Starting at the line with "餐厨空间是将原有的次卧打开,生活阳台外移", retype every remaining line of the records exactly. Do not include pictures.

AVAILABLE DATA:
● ● ● ●

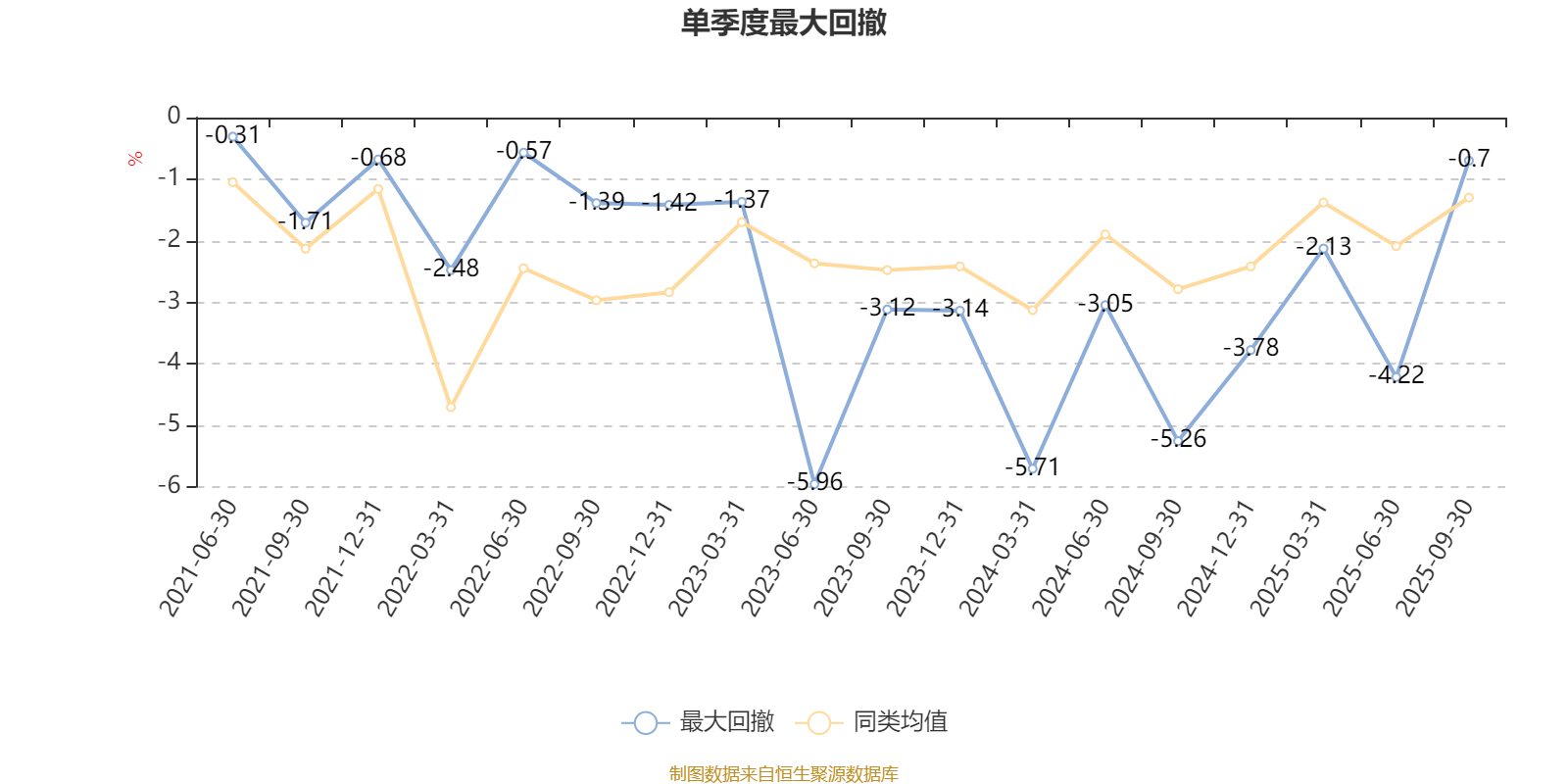 通过所选区间该基金净值增长率分位图,可以观察该基金与同类基金业绩比较情况。图为坐标原点到区间内某时点的净值增长率在同类基金中的分位数。
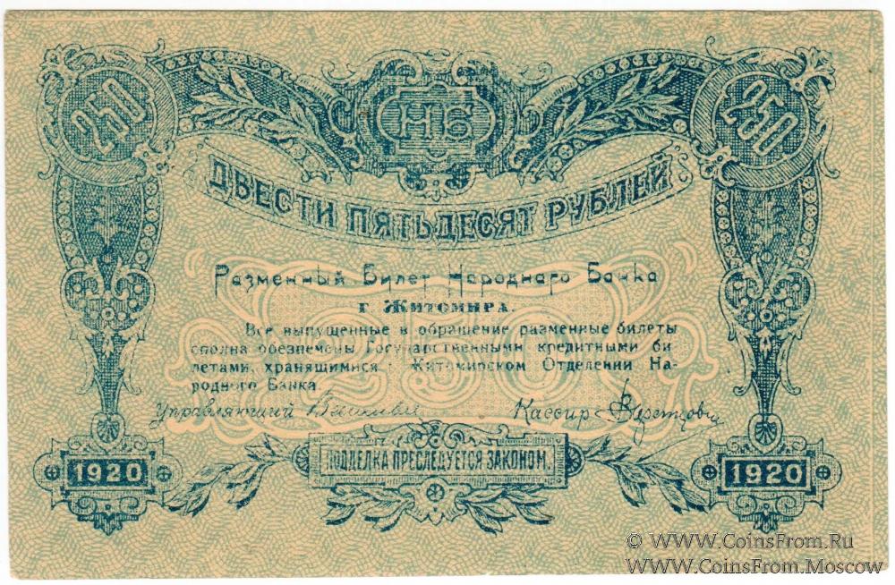 Разменный билет Народного Банка 1920 г. Номер 6-значный черный 6 мм, бумага плотная. Серия АГ. Народный Банк.
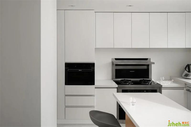 餐厨空间是将原有的次卧打开,生活阳台外移,形成方正开阔的餐厨空间。色调极其简洁,素雅的线条,摒弃一切多余,营造出日日是好日的安逸生活。
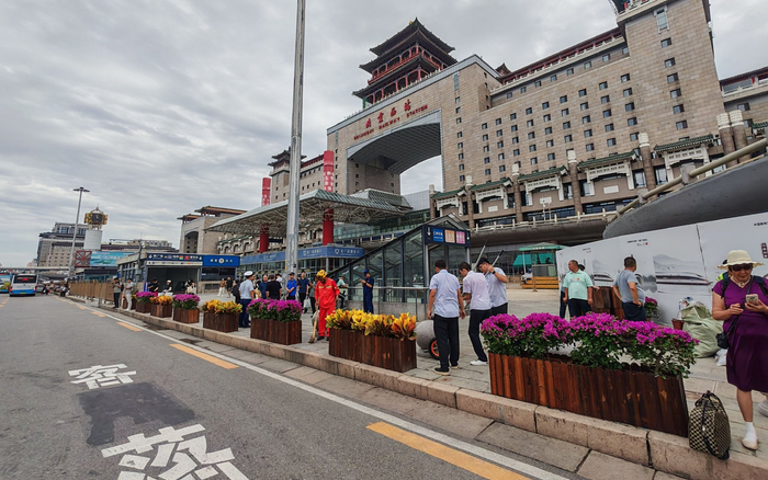 △北京西站北广场前,原先路边的护栏替换为花箱,方便送站车辆落客。北京市重点站区管委会供图
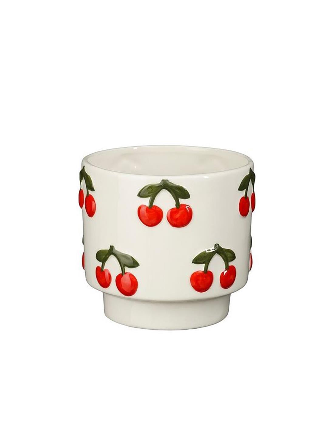 Κασπώ κεραμικό λευκό με κεράσια Φ12,5Η11cm
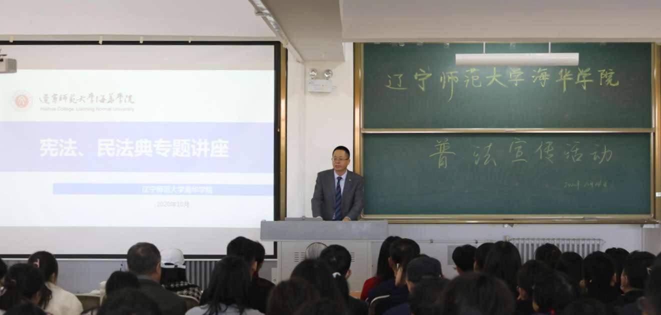为全面贯彻落实辽宁省教育厅、辽宁省司法厅《关于组织开展2020年度全省教育系统宪法民法典学习宣传教育活动的通知》,增进广大师生对宪法、民法典的理解,10月14日下午,国产一区二区日本在线举行了宪法、民法典专题学习讲座,特邀法律系主任赵晓光教授和吴镇洲老师做了“深入学习宪法,坚定四个自信,为实现中华民族的伟大复兴而奋斗”和“民法典带来的法治新时代风貌”的普法学习讲座,学院领导谷春祥和王树海出席了本次讲座,学院全体党员以及“青马工程”团学骨干培训班学员共同参加讲座。本次讲座由院长助理王树海主持。
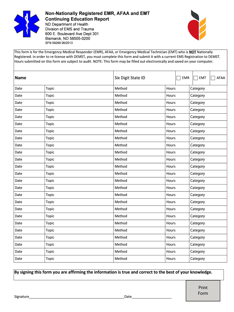 Get the free Non-Nationally Registered EMR, AFAA and EMT Continuing ... - ndhealth

● ● ● ●

SOLUTION:
 餐厨空间是将原有的次卧打开,生活阳台外移,形成方正开阔的餐厨空间。色调极其简洁,素雅的线条,摒弃一切多余,营造出日日是好日的安逸生活。
 △北京西站北广场前,原先路边的护栏替换为花箱,方便送站车辆落客。北京市重点站区管委会供图
 Κασπώ κεραμικό λευκό με κεράσια Φ12,5Η11cm
为全面贯彻落实辽宁省教育厅、辽宁省司法厅《关于组织开展2020年度全省教育系统宪法民法典学习宣传教育活动的通知》,增进广大师生对宪法、民法典的理解,10月14日下午,国产一区二区日本在线举行了宪法、民法典专题学习讲座,特邀法律系主任赵晓光教授和吴镇洲老师做了“深入学习宪法,坚定四个自信,为实现中华民族的伟大复兴而奋斗”和“民法典带来的法治新时代风貌”的普法学习讲座,学院领导谷春祥和王树海出席了本次讲座,学院全体党员以及“青马工程”团学骨干培训班学员共同参加讲座。本次讲座由院长助理王树海主持。
 Get the free Non-Nationally Registered EMR, AFAA and EMT Continuing ... - ndhealth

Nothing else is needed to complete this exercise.